The Court of Appeals aptly stated:
But "a lawyer should not be carried away in espousing his client's cause" (Buenaseda v.
Flavier, 226 SCRA 645, 656). He should not forget that he is an officer of the court,
bound to exert every effort and placed under duty, to assist in the speedy and efficient
administration of justice Presiding Judge, RTC, Br. 15, Ozamis City, 249 SCRA 432,
439). He should not, therefore, misuse the rules of procedure to defeat the ends of justice
per Rule 10.03. Canon 10 of the Canons of Professional Responsibility, or unduly delay a
case, impede the execution of a judgment or misuse court processes, in accordance with
Rule 12.04, Canon 12 of the same Canons (Ibid).
"Lawyers should be reminded that their primary duty is to assist the courts in the
administration of justice.
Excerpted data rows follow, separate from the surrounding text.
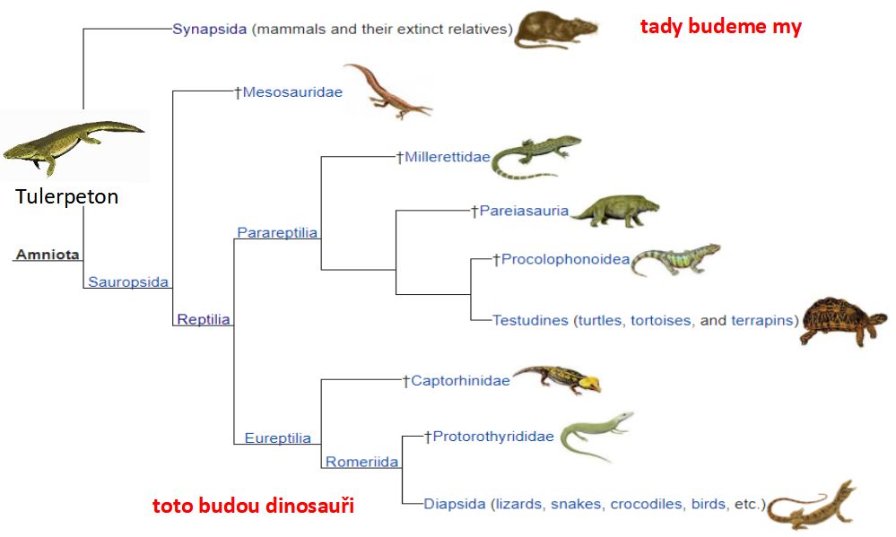 A tady se to opět větví. Jedna větev vede k nám – savcům – a ta se jmenuje synapsida. A druhá je nazývána sauropsida, a ta vede k ještěrům, ptákům anebo taky ke krokodýlům. Patří mezi ně i ti populární dinosauři a ptakoještěři. A rozvoj tady těch všech začne již za chvíli…
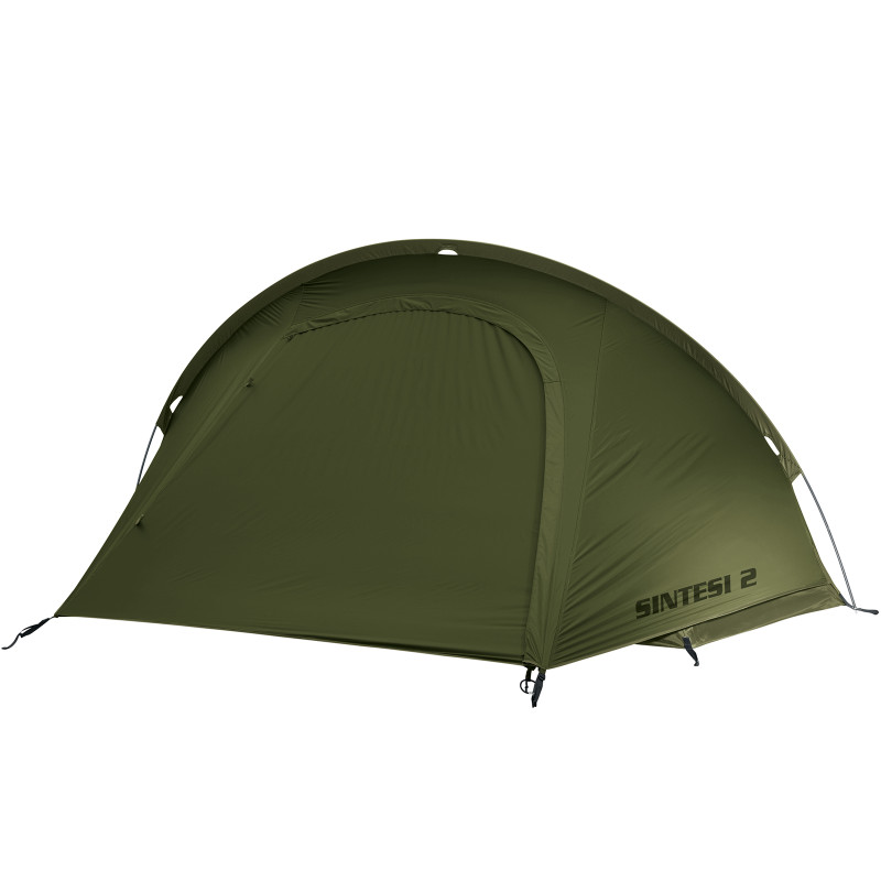 Ferrino Sintesi 2 Olive Green относится к серии палаток Ferrino Lite и является действительно одной из самых легких двухместных палаток. Ее вес в полной комплектации составляет всего 800 грамм в расчете на человека. Данная модель имеет повышенную до 8000 мм вод. ст. водонепроницаемость дна палатки и наиболее подойдет для соревнований по парному легкоходному туризму, непродолжительных походов и велотуризма. Туннельная конструкция всего с одной дугой обеспечивает минимальный вес и минимальное время установки и сборки. При всей своей компактности, палатка имеет вмместительный тамбур. Водозащита внешнего тента составляет 3000 мм вод. ст., что вдвое превышает нормативные требования к водозащитным палаткам и вполне хватает, чтоб сохранить палатку внутри сухой во время дождя средней интенсивности. Палатка имеет два вентиляционных окна и вход, дополнительно закрывающийся москитной сеткой, таким образом эффективное проветривание осуществляется без проблем и и ночевка в летнюю жару не вызовет дискомфорта.
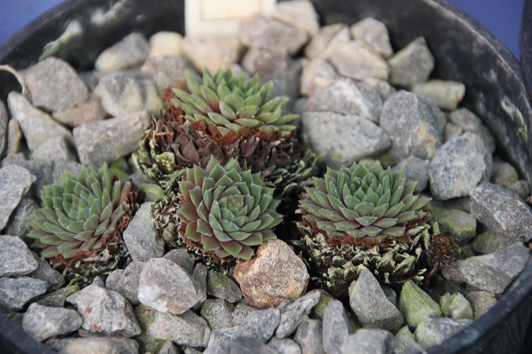 Writing in the Bulletin of the Alpine Garden Society in 1935, Hugh Miller says: "(Sempervivum) erythraeum Velenovsky is a beautiful species. The rosettes are flattish, wide open with very many leaves, greyish-green, some forms with an opalescent flush. The leaves are covered with minute white hairs - generally visible only uder a magnifying glass. The flowering-stem and flowers are also very hairy, the narrow petals being purplish-red colour. The offsets are always on very short stolons so that the plant forms a compact tuft. It needs glass protection in winter and is perhaps the most tender of the Eusempervivum section of the genus." In April 2012, Cecilia Coller exhibited the plant at the AGS London show and was awarded a Certificate of Merit. The report in the Bulletin says: "Her second Certificate of Merit went to an immaculate pan of Sempervivum erythraeum. Unusual in this genus for its understated, velvety grey-green leaves, tinted with pink, and acknowledged as slower than most to bulk up, this Bulgarian endemic spends most of its time in an alpine house, which prevents birds from pecking the rosettes and avoids the compost becoming too soggy. Unlike most of its bretheren, it will not tolerate winter wet and should be taken under glass in winter." |
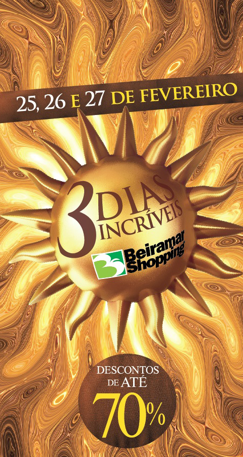 Começa nesta quinta-feira, 25 de fevereiro, a promoção “Três Dias Incríveis” do Beiramar Shopping. Até o sábado, dia 27, todas as lojas do empreendimento vão liquidar seus estoques e coleções de verão com mega descontos. E para atrair a atenção do cliente, vale tudo: vitrines móveis pelos corredores do shopping, banda de fanfarra, além de decoração especial no mall.
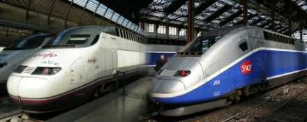 Rejsen finder enten sted med spanske RENFE-AVE eller franske SNCF-TGV
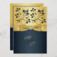 Este monograma de casamento floral com ouro e marinho azul tem uma fita magnética em ouro e arco com uma pedra magnética e joias de diamante nela. O texto é personalizável. O tipo de papel também é personalizável. Se você precisar de outros itens neste design, envie um e-mail para mim com sua solicitação em niteowlstudio@gmail.com
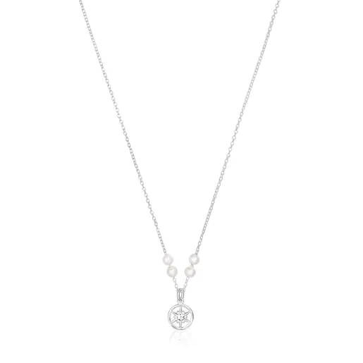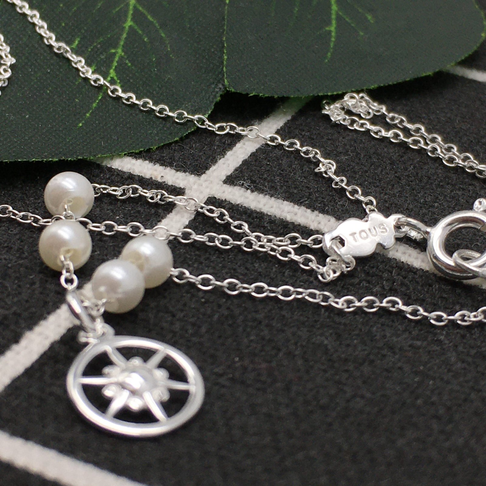 TOUS Magic Nature set in sterling silver comprising a necklace four 4 mm round cultured freshwater pearls and a sun pendant measuring 9 mm. Necklace length: 45 cm, with 40 cm ring + Long earrings with three 3.5 mm round cultured freshwater pearls, a 9 mm sun and a 6 mm star. Push back. Chain length: 45 cm. Production technique: Casting

Any conduct which tends to delay, impede or obstruct the
administration of justice contravenes such lawyer's duty."16
Although respondent judge was justified in citing petitioner in direct contempt of court, she erred
in imposing a fine in the amount of P3,000.00 which exceeded the ceiling of P2,000.00 under
Supreme Court Administrative Circular No. 22-95 which took effect on November 16, 1995. It
was not established that the fine was imposed in bad faith. The Court of Appeals thus properly
ordered the return of the excess of P1,000.00. Aside from the fine, the three days imprisonment
meted out to petitioner was justified and within the 10-day limit prescribed in Section 1, Rule 71
of the Rules of Court, as amended.
It is our view and we hold, therefore, that the Court of Appeals did not commit any reversible
error in its assailed decision.
WHEREFORE, the assailed Decision dated March 6, 1998 of the Court of Appeals is hereby
AFFIRMED. The Regional Trial Court of Cavite, Branch 90, Imus, Cavite is ordered to return
to the petitioner, Rexie Efren A. Bugaring, the sum of P1,000.00 out of the original fine of
P3,000.00.1âwphi1.nêt
SO ORDERED.
Bellosillo, Mendoza, Quisumbing, and Buena, JJ., concur.